Open AccessSomatic mutation in single human neurons tracks developmental and transcriptional history
Author(s) -
Michael A. Lodato,
Mollie B. Woodworth,
Semin Lee,
Gilad D. Evrony,
Bhaven K. Mehta,
Amir Karger,
Soohyun Lee,
Thomas W. Chittenden,
Alissa M. D’Gama,
Xuyu Cai,
Lovelace J. Luquette,
Eunjung Lee,
Peter J. Park,
Christopher A. Walsh
Publication year - 2015
Publication title -
science
Language(s) - English
Resource type - Journals
SCImago Journal Rank - 12.556
H-Index - 1186
eISSN - 1095-9203
pISSN - 0036-8075
DOI - 10.1126/science.aab1785
Subject(s) - somatic cell , biology , germline , germline mutation , mutation , genetics , cerebral cortex , gene , genome , human brain , lineage (genetic) , neuroscience
Neurons live for decades in a postmitotic state, their genomes susceptible to DNA damage.
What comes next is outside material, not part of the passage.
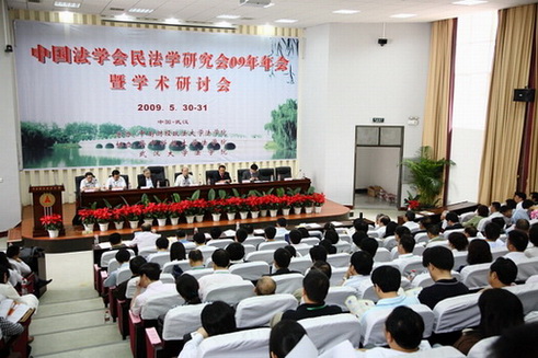 5月30日上午,中国法学会民法学研究会09年年会暨学术研讨会在我校文泓楼一楼报告厅隆重举行。本次年会由我校法学院承办,华中科技大学以及武汉大学法学院协办,来自全国各地约140多位从事民法理论研究、司法实践的学者专家出席了本次会议。

Here we survey the landscape of somatic single-nucleotide variants (SNVs) in the human brain. We identified thousands of somatic SNVs by single-cell sequencing of 36 neurons from the cerebral cortex of three normal individuals. Unlike germline and cancer SNVs, which are often caused by errors in DNA replication, neuronal mutations appear to reflect damage during active transcription. Somatic mutations create nested lineage trees, allowing them to be dated relative to developmental landmarks and revealing a polyclonal architecture of the human cerebral cortex. Thus, somatic mutations in the brain represent a durable and ongoing record of neuronal life history, from development through postmitotic function.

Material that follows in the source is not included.